(516b) Separation of (Sub-)Micron Bioparticles by Selective Flotation

Introduction Many biotechnological processes yield particle mixtures, such as products crystals and inclusion bodies with associated cells or cell debris. Particle-particle separation in biotechnology is mainly performed with centrifugation and filtration, which are ineffective when applied to the separation of small bioparticles with overlapping size and density distributions. An alternative to particle-particle separation is dissolution of one of the particle types followed by selective extraction. However, the solid product often contains the desired compound at high purity, giving direct isolation an advantage over the indirect separation by extraction. Selective flotation is a method that can be applied for particle-particle separation. It is currently used for the selective separation and concentration of particles, fibers and molecules, mainly in the mineral and paper industry. Flotation is based on the ability of particles in an suspension to attach to gas bubbles, which carry them up in the liquid phase due to buoyancy. If particle-bubble attachment is selective toward a specific class of particles, enrichment of these particles takes place at the top of the flotation device.

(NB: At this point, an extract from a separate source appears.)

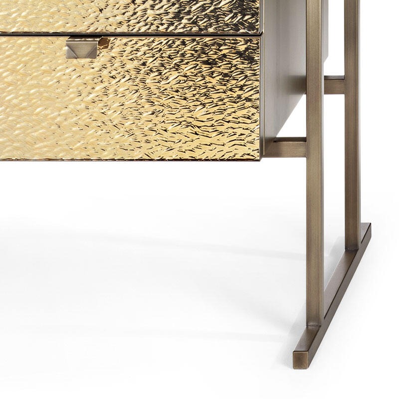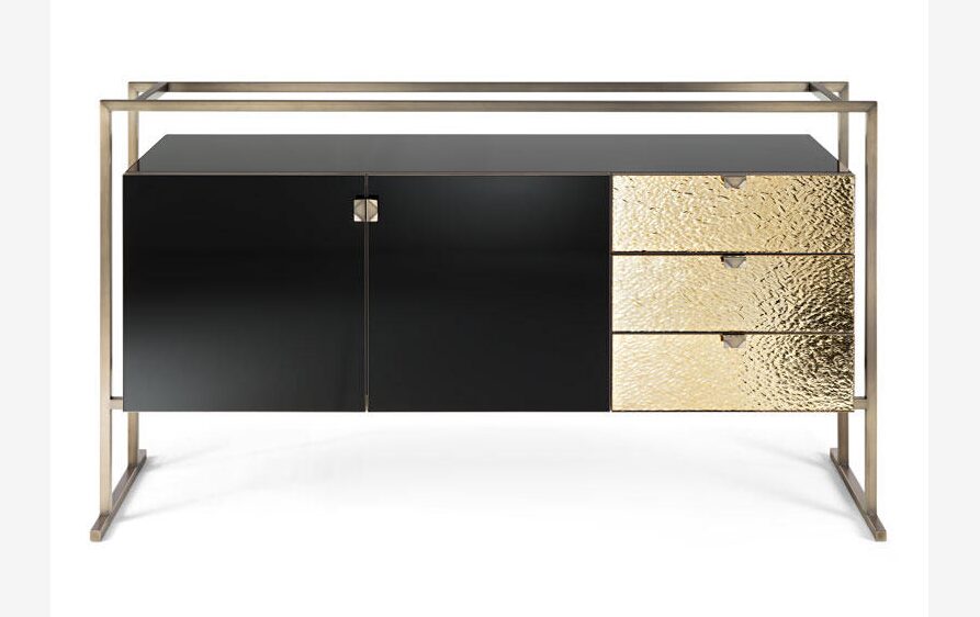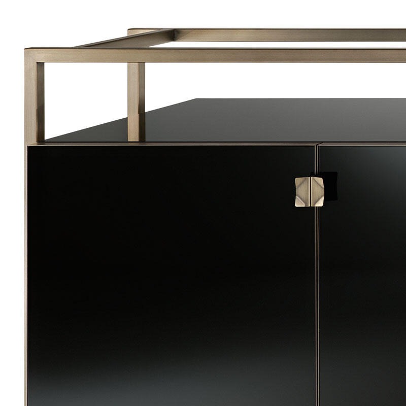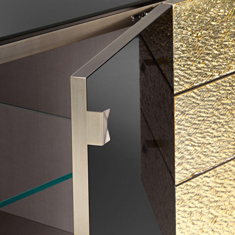 Металлическая рама в форме трубы с отделкой из античной латуни. Конструкция выполнена из серого дерева с матовой отделкой. Две дверцы и три выдвижных ящика с системой плавного закрывания.

Research Particle-particle separation with flotation requires differences in flotation efficiency for the particles that need to be separated. In a previous study we showed that polyhydroxyalkanoate inclusion bodies can be recovered selectively from enzyme-treated fermentation broth, a suspension that contains inclusion bodies and cell debris particles, by dissolved-air flotation [1]. The selectivity of this flotation process was mainly caused by simultaneous selective aggregation of the inclusion bodies, which increased their flotation efficiency relative to that of the cell debris particles. These results show that selective aggregation is one of the key factors in separation of micrometer-sized bioparticles by selective flotation. The aggregation process depends on particle-particle interactions. Most bioparticles have rough and heterogeneous surfaces. The interactions between these particles therefore depend on the DLVO forces as well as the hydrophobic and steric interactions. In this work, we investigate the influence of the surface properties of bioparticles on their aggregation and flotation behaviour. For this purpose a model system was created that consists of 1 mm polystyrene particles that are coated with proteins (BSA, lysozyme and casein). The surface properties of these particles were determined with electrophoretic mobility measurements and contact angle measurements. Their aggregation behaviour could be predicted from their surface properties by taking into account the DLVO forces and hydrophobic and steric interactions. A window of operation was constructed for the separation of particles from a binary particle mixture. This window of operation was validated with aggregation and flotation experiments.

[1] Van Hee P, et al. 2004. Journal of Biotechnology and Bioengineering 88(1): 100-110. [2] Okada K, et al. 1990. The Canadian Journal of Chemical Engineering 68: 393-399.